What the task requires ->
When the line with "3月20日,beat365在" turns up below, begin repeating exactly, and carry on through the line with "为规范和加强学院学生岗位实习"; no pictures go into the copy.

Source data ->
========

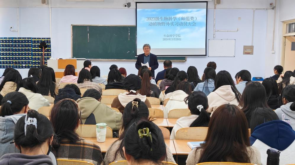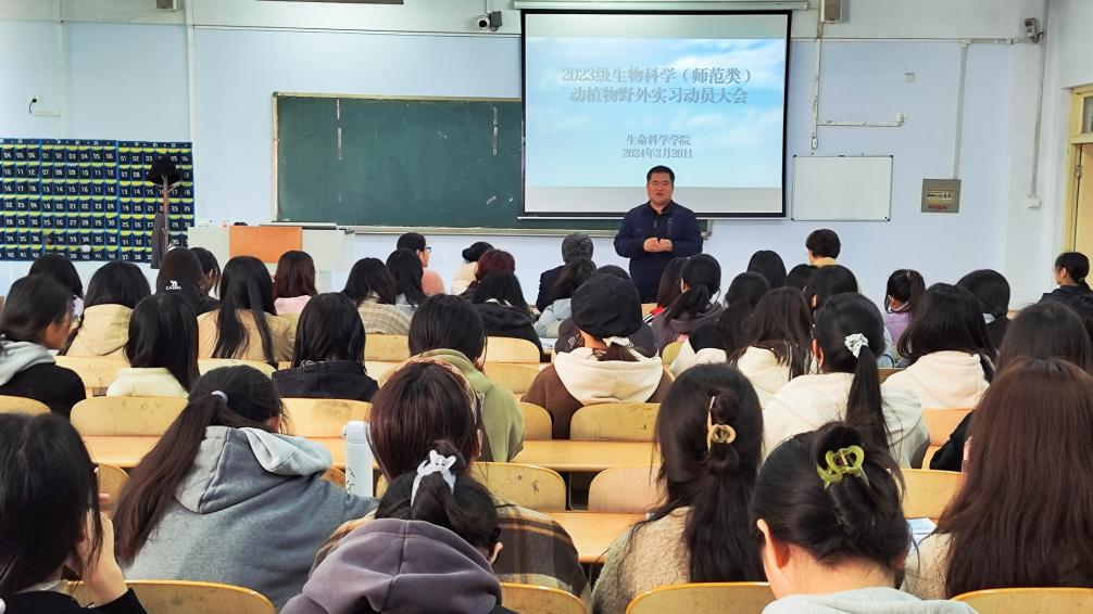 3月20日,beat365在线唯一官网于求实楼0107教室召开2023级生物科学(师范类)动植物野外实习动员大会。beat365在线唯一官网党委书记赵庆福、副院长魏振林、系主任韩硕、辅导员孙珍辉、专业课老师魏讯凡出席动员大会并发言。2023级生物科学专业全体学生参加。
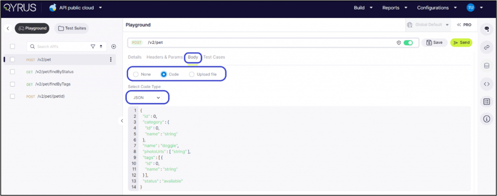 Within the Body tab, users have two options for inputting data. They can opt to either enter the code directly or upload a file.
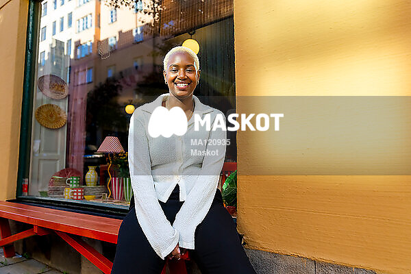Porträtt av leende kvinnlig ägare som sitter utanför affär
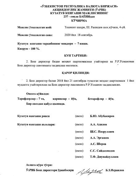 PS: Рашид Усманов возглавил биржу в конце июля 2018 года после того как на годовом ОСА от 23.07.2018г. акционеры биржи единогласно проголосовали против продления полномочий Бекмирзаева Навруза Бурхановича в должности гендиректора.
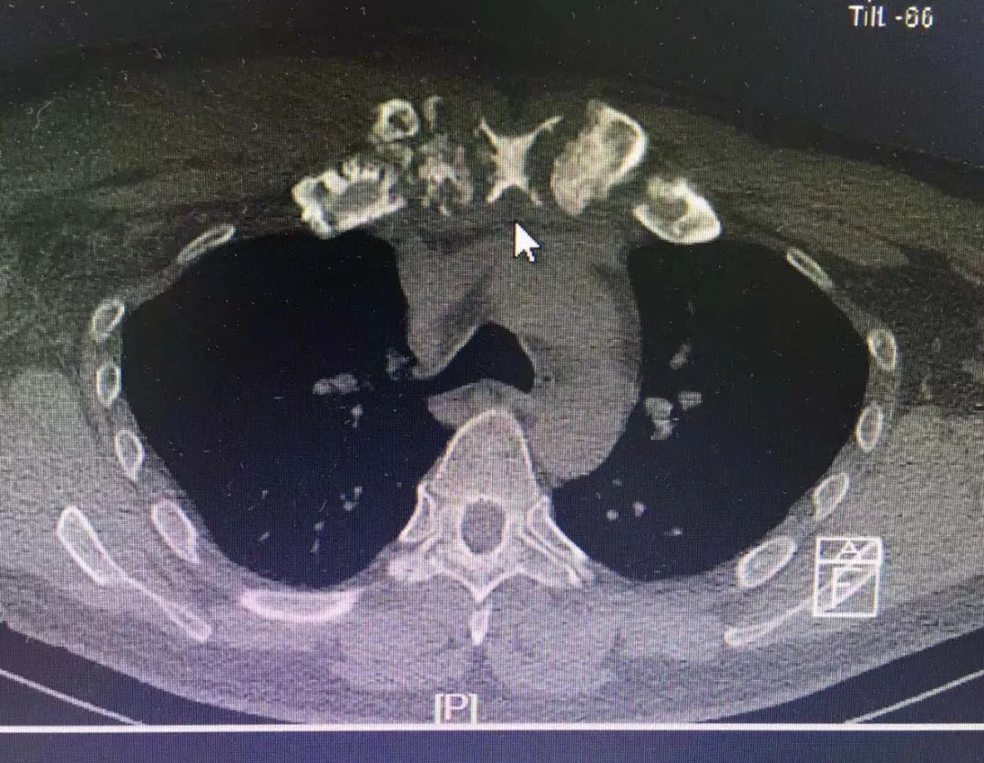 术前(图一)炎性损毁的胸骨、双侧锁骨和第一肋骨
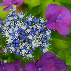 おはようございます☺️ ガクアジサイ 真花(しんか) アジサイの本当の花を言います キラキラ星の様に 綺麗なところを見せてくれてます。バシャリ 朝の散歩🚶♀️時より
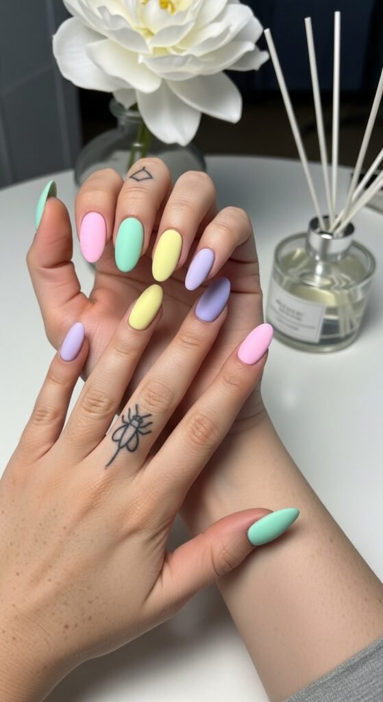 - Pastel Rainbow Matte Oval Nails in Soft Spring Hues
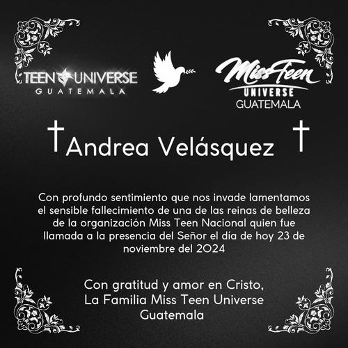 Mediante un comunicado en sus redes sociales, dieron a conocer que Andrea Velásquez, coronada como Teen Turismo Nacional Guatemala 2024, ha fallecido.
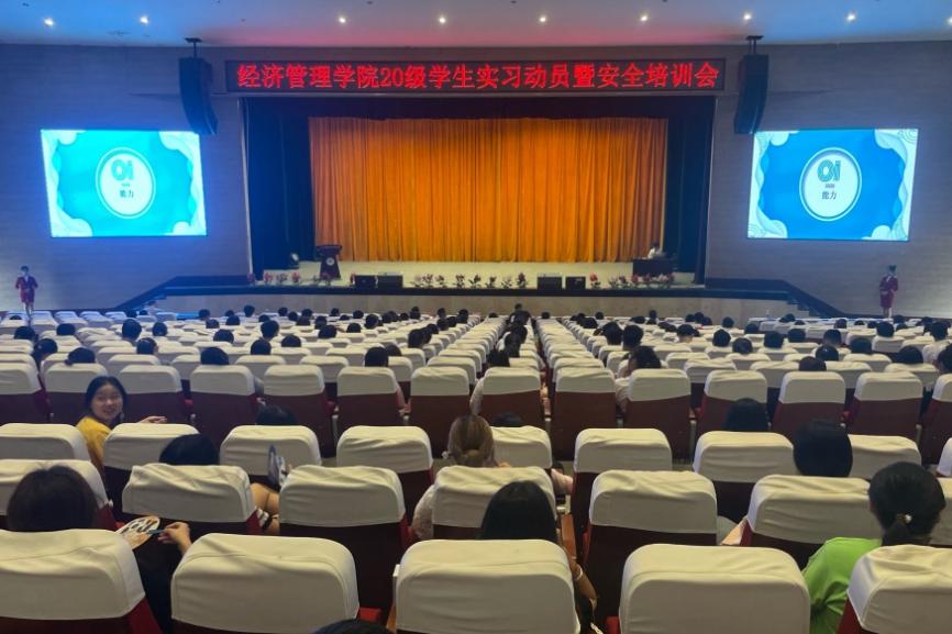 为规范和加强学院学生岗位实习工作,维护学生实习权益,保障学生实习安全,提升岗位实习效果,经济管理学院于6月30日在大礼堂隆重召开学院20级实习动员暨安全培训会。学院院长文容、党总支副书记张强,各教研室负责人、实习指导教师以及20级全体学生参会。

========

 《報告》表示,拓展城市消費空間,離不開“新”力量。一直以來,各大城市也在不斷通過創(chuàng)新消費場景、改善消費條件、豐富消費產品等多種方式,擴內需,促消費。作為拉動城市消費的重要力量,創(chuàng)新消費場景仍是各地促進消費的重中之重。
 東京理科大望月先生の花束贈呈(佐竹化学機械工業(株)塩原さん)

========

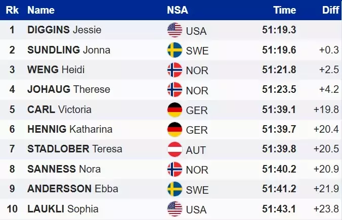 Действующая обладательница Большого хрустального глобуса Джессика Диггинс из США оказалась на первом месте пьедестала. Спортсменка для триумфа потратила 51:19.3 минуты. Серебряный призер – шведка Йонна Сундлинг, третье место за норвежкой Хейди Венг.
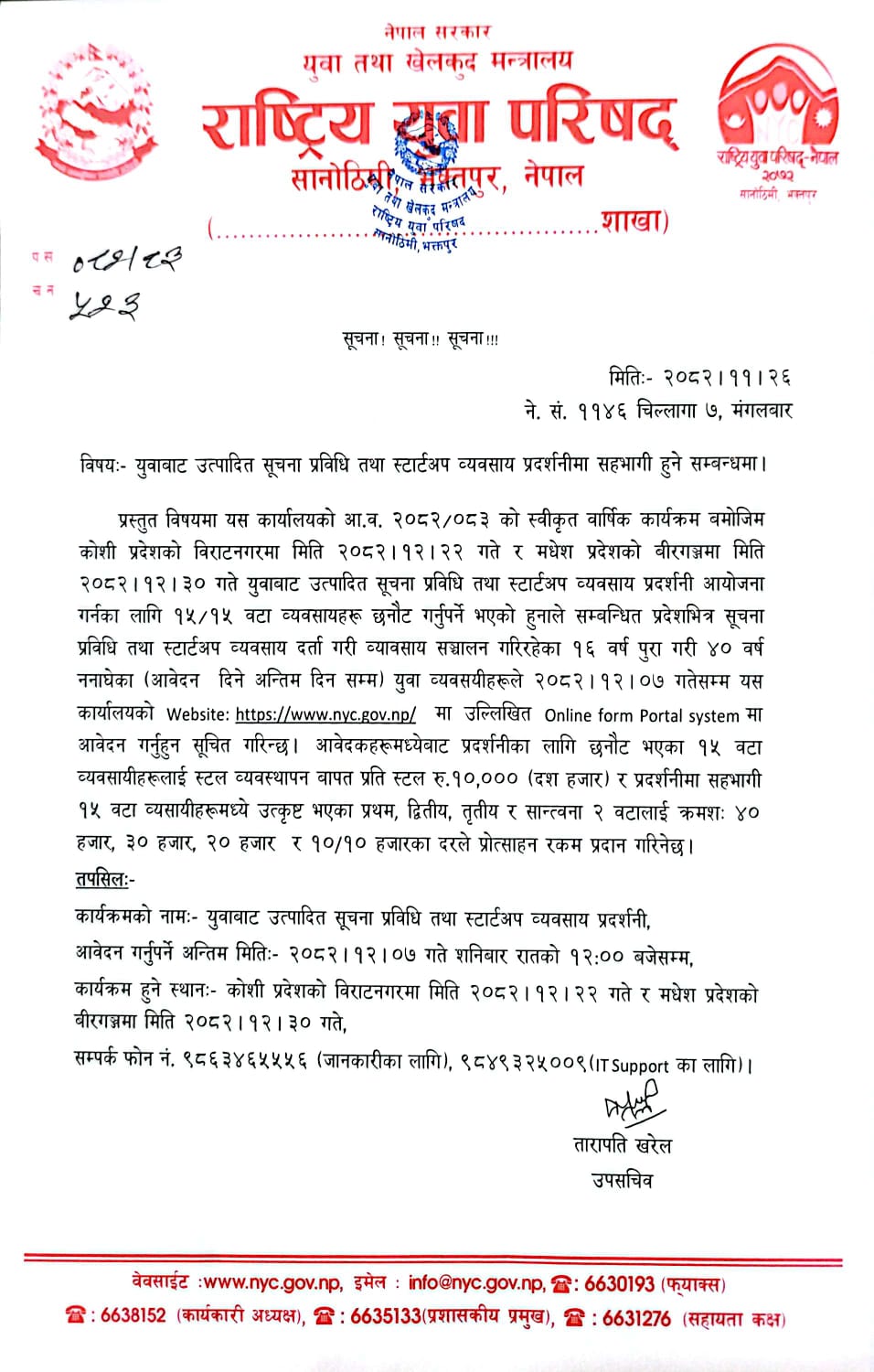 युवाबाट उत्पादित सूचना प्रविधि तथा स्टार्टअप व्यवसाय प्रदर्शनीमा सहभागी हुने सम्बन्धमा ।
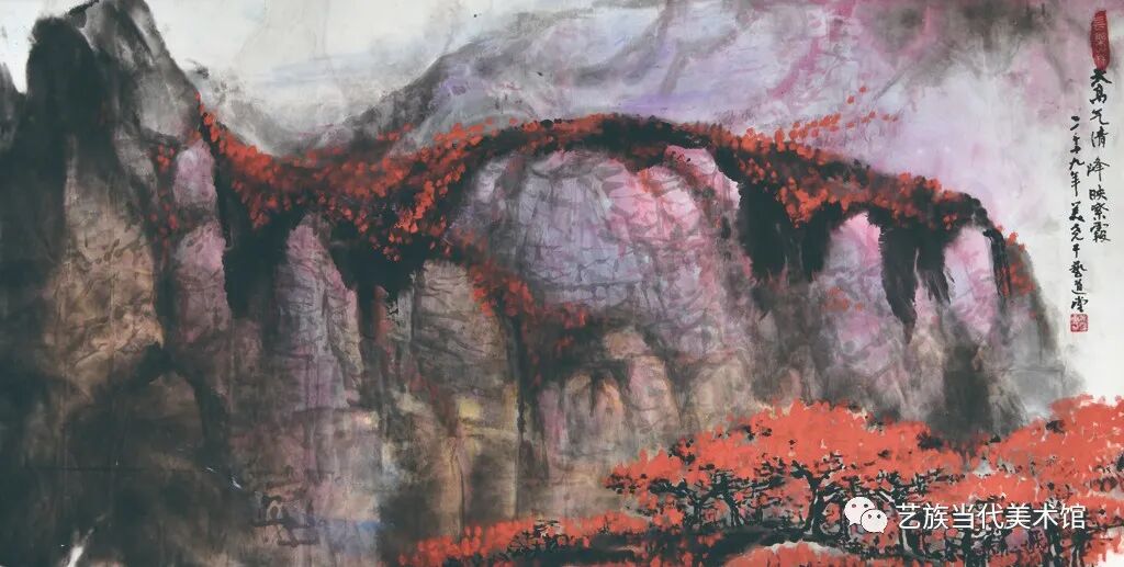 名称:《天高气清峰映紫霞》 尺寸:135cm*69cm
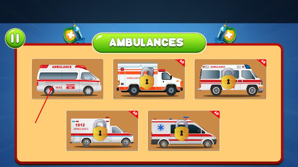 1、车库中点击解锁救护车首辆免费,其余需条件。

========

Worked solution ->
 3月20日,beat365在线唯一官网于求实楼0107教室召开2023级生物科学(师范类)动植物野外实习动员大会。beat365在线唯一官网党委书记赵庆福、副院长魏振林、系主任韩硕、辅导员孙珍辉、专业课老师魏讯凡出席动员大会并发言。2023级生物科学专业全体学生参加。
 Within the Body tab, users have two options for inputting data. They can opt to either enter the code directly or upload a file.
Porträtt av leende kvinnlig ägare som sitter utanför affär
 PS: Рашид Усманов возглавил биржу в конце июля 2018 года после того как на годовом ОСА от 23.07.2018г. акционеры биржи единогласно проголосовали против продления полномочий Бекмирзаева Навруза Бурхановича в должности гендиректора.
 术前(图一)炎性损毁的胸骨、双侧锁骨和第一肋骨
 おはようございます☺️ ガクアジサイ 真花(しんか) アジサイの本当の花を言います キラキラ星の様に 綺麗なところを見せてくれてます。バシャリ 朝の散歩🚶♀️時より
 - Pastel Rainbow Matte Oval Nails in Soft Spring Hues
 Mediante un comunicado en sus redes sociales, dieron a conocer que Andrea Velásquez, coronada como Teen Turismo Nacional Guatemala 2024, ha fallecido.
 为规范和加强学院学生岗位实习工作,维护学生实习权益,保障学生实习安全,提升岗位实习效果,经济管理学院于6月30日在大礼堂隆重召开学院20级实习动员暨安全培训会。学院院长文容、党总支副书记张强,各教研室负责人、实习指导教师以及20级全体学生参会。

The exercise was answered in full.